* **Work item**:
Among the records, find the lines that hold the string "Lake" and return them.

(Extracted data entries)

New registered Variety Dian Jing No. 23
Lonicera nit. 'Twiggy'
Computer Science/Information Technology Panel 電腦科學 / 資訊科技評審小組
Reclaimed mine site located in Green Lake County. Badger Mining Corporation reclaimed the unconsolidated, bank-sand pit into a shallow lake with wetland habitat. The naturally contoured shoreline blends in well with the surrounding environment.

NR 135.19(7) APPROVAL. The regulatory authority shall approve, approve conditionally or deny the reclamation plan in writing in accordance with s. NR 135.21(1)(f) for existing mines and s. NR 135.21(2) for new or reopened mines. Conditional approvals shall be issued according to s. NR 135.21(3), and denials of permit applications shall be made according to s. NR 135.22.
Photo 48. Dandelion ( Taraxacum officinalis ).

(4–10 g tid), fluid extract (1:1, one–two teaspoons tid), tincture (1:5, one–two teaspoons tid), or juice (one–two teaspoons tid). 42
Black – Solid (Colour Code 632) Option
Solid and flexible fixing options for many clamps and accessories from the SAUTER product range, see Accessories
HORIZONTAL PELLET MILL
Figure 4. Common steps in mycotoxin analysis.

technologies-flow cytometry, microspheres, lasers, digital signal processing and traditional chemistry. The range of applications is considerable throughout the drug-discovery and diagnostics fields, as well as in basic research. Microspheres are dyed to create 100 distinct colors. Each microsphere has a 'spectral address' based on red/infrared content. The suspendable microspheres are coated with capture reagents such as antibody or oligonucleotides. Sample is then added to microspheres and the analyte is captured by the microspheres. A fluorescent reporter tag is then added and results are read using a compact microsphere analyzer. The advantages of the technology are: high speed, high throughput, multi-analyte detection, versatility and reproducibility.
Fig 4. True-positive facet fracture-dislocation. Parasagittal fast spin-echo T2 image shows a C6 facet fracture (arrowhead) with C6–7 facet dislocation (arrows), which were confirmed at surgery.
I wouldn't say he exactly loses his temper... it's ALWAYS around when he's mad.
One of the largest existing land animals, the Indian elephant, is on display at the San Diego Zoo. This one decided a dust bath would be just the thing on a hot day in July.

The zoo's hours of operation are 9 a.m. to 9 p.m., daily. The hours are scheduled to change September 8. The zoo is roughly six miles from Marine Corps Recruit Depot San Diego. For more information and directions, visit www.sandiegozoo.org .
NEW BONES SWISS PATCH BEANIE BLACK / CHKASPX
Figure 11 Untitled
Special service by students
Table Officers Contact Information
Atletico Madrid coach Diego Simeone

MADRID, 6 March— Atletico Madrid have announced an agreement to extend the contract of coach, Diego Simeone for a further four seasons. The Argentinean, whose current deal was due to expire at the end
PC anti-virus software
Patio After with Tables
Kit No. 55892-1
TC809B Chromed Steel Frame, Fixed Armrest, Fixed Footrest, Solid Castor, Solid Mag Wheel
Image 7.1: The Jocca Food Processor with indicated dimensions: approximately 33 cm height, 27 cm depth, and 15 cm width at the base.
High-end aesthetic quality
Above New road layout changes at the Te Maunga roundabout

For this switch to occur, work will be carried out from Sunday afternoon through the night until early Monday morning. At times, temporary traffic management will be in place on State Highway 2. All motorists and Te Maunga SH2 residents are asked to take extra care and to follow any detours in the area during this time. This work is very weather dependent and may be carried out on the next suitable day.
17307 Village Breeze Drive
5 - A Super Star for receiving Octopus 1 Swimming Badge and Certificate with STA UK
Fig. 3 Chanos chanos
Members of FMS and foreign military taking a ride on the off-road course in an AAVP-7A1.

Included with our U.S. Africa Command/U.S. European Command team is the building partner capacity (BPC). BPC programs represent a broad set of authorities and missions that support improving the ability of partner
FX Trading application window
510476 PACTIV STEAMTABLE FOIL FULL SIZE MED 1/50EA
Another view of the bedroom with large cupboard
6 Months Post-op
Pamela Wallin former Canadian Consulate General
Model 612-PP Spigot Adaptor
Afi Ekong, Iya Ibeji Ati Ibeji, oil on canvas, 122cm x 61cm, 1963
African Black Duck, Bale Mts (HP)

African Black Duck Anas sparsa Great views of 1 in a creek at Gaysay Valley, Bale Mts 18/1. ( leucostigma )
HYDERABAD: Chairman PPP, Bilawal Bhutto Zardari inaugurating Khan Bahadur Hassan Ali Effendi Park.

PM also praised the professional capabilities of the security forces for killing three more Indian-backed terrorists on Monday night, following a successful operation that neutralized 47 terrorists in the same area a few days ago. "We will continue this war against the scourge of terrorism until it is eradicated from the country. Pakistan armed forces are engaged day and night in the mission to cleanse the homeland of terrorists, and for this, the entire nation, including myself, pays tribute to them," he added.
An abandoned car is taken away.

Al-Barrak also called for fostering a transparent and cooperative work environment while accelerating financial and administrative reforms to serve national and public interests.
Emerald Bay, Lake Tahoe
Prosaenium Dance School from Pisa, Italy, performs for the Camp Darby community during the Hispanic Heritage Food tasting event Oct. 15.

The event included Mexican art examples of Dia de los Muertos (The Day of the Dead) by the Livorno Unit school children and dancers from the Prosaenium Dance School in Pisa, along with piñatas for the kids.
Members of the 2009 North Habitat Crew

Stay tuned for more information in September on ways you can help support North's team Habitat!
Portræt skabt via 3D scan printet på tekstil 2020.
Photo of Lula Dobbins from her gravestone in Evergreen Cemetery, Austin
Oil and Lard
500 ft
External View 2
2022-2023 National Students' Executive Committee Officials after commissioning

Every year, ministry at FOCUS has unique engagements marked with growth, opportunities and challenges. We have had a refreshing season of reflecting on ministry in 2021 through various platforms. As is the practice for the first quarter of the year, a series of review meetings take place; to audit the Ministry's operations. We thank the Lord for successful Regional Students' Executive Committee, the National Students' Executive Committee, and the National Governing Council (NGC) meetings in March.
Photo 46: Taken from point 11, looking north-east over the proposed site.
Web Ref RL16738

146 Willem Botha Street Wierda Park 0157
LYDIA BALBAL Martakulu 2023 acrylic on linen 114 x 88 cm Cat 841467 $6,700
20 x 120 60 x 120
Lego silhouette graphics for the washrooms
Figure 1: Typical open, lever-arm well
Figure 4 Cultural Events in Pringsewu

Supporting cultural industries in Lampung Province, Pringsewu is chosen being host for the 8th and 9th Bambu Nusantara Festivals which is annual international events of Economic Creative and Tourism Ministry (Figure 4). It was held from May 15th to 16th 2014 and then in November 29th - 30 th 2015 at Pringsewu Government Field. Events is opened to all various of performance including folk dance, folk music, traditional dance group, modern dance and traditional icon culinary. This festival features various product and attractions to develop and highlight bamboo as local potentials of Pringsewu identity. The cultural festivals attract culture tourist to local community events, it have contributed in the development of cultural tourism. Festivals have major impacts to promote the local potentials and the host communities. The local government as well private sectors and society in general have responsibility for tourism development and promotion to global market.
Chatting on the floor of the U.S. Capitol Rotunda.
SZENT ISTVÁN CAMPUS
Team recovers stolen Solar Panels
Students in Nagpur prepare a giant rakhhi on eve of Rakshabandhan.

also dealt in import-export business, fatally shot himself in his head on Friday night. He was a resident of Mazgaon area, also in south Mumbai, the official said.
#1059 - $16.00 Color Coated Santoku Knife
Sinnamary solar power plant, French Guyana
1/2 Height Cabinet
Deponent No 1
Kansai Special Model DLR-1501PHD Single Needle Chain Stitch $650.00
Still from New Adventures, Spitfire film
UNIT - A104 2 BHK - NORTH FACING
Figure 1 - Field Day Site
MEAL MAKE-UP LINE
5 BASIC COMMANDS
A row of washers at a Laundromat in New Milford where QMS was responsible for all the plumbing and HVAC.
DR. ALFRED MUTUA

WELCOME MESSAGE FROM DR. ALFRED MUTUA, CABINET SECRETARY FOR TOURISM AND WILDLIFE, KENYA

* **Response area**:
Reclaimed mine site located in Green Lake County. Badger Mining Corporation reclaimed the unconsolidated, bank-sand pit into a shallow lake with wetland habitat. The naturally contoured shoreline blends in well with the surrounding environment.
Emerald Bay, Lake Tahoe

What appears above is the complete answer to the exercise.